# Data Processing

#### Data is the most important element of Machine Learning Industry. Given a large and diverse set of training data, a good deep learning model will significantly outperform non-deep learning algorithms.


# Getting Started with NumPy

#### The majority of neural networks use input data that is either numeric or has been converted to a numeric form. When we deal with numeric data, the best Python library to use is NumPy. The NumPy library allows us to perform many operations on numeric data, and convert the data to more usable forms.
#### And NumPy aims to provide an array object that is up to **50x faster** than traditional Python lists.
### Its a commone practice to import NumPy **alias** with **np** Like
> import **numpy** as **np**

# NumPy Arrays

#### NumPy arrays are basically just Python lists with added features.
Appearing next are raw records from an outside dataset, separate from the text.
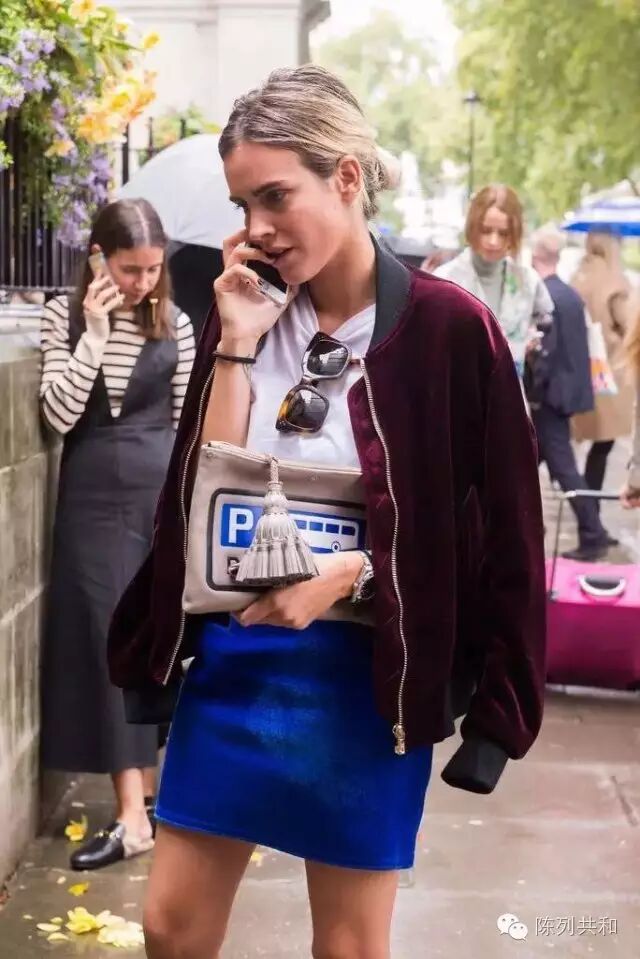 ▲Bomber Jacket 撞上天鹅绒又是另一种帅气,再加点儿刺绣不能更完美,里面穿素一点,随便一搭,范儿就起来了。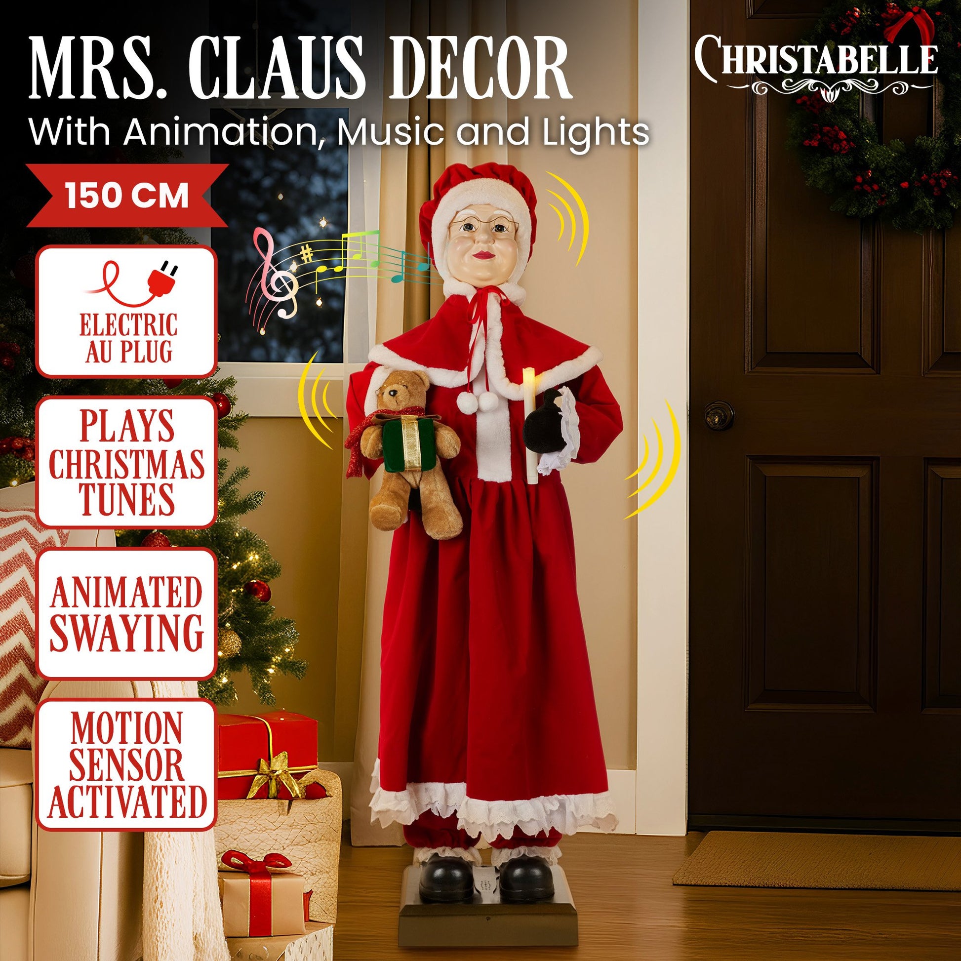 Christabelle Large 1.5m Musical Animated Mrs Claus Christmas Decoration with Candle Ornament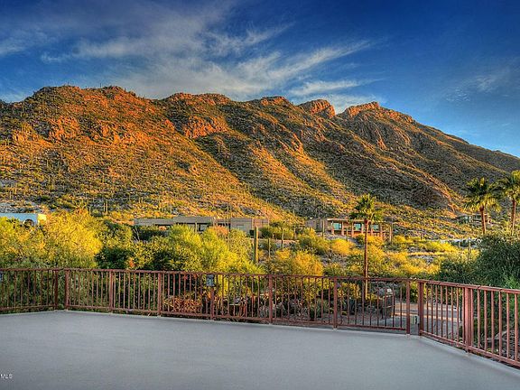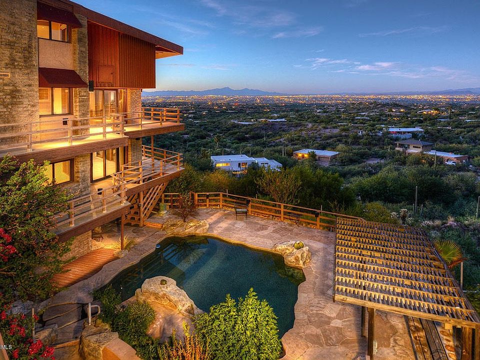 Architecture Designed to Extraordinary Views! Taking inspiration from the mountain itself, the residence is integrated into a central massive boulder and outcroppings. Set high in the Foothills, expanses of glass, wrapped in covered decks, afford Tucson's ultimate City Lights & Catalina Mountain Views. Enjoy the sparkling Solar Heated Pebble Tec Pool in a resort-like setting. Home provides an elegant venue for large scale as well as intimate entertaining. Top of the world huge deck. Secluded Master Suite with private Deck includes Grotto jetted Spool & Shower w/ stone waterfalls. The Pool (or Guest) House has a Bath, Closets and a French Door leading to that marvelous Pool. The total living area of over 4,400 Square Feet includes 5 Bedrooms, 4 1/2 Baths and three laundry locations.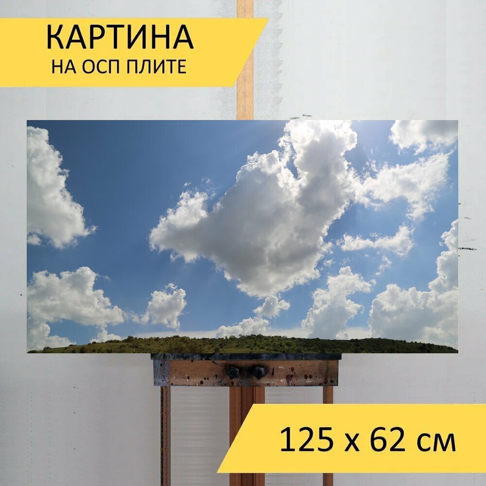 Картина на ОСП 125х62 см. "Облачно, небо, земля" горизонтальная, для интерьера, с креплениями информация:

In fact, you can easily convert a Python list to a Numpy array using the np.array function, which takes in a Python list as its required argument.
#### The function also has quite a few keyword arguments, but the main one to know is **dtype**.
#### The function **np.array** perfoms **upcasting**. **If the array contains elements of different data types, all the elements are cast into the largest type (a process known as upcasting)**
#### The dtype keyword argument takes in a NumPy type and manually casts the array to the specified type.

In [1]:
import numpy as np

arr = np.array([[0, 1, 2], [3, 4, 5]],
               dtype=np.float32)
print(repr(arr))

array([[0., 1., 2.],
       [3., 4., 5.]], dtype=float32)


## Copying

In [2]:
a = np.array([0, 1])
b = np.array([9, 8])
c = a
print('Array a: {}'.format(repr(a)))
c[0] = 5
print('Array a: {}'.format(repr(a)))

d = b.copy()
d[0] = 6
print('Array b: {}'.format(repr(b)))

Array a: array([0, 1])
Array a: array([5, 1])
Array b: array([9, 8])


## Casting

In [3]:
arr = np.array([0, 1, 2])
print(arr.dtype)
arr = arr.astype(np.float32)
print(arr.dtype)

int64
float32


## NaN & Infinity

* Note that np.nan cannot take on an integer type.
* Note that np.inf cannot take on an integer type.
### Try it by uncommenting and commenting the code chunks

In [4]:
# NaN
# arr = np.array([np.nan, 1, 2])
# print(repr(arr))

# arr = np.array([np.nan, 'abc'])
# print(repr(arr))

# Will result in a ValueError
# np.array([np.nan, 1, 2], dtype=np.int32)


# # # # Infinity
# print(np.inf > 1000000)

# arr = np.array([np.inf, 5])
# print(repr(arr))

# arr = np.array([-np.inf, 1])
# print(repr(arr))

# # Will result in an OverflowError
# np.array([np.inf, 3], dtype=np.int32)

# Dimensions in Arrays

#### A dimension in arrays is one level of array depth (nested arrays).
### 0-D Arrays
#### 0-D arrays, or Scalars, are the elements in an array. Each value in an array is a 0-D array.
### 1-D Arrays
#### An array that has 0-D arrays as its elements is called uni-dimensional or 1-D array.
**These are the most common and basic arrays.**
### 2-D Arrays
#### An array that has 1-D arrays as its elements is called a 2-D array.
**These are often used to represent matrix or 2nd order tensors.**
>NumPy has a whole sub module dedicated towards matrix operations called numpy.mat
### 3-D arrays
#### An array that has 2-D arrays (matrices) as its elements is called 3-D array.
**These are often used to represent a 3rd order tensor.** 
### Check Number of Dimensions?
#### NumPy Arrays provides the **ndim** attribute that returns an integer that tells us how many dimensions the array have.

In [5]:
# importing numpy and alias as np
import numpy as np

# 0-D 
d= np.array(42)
print("0-D numpy array {}\n".format(d))

# 1-D
D = np.array([1, 2, 3])
print("1-D numpy array {}\n".format(D))

# 2-D
DD = np.array([[1, 2, 4], [3, 4, 5]])
print("2-D numpy array {}\n".format(DD))

# 3-D
DDD = np.array([[[1, 2, 3], [3, 4, 5]], [[6, 7, 8], [9, 10, 11]]])
print("3-D numpy array {}\n".format(DDD))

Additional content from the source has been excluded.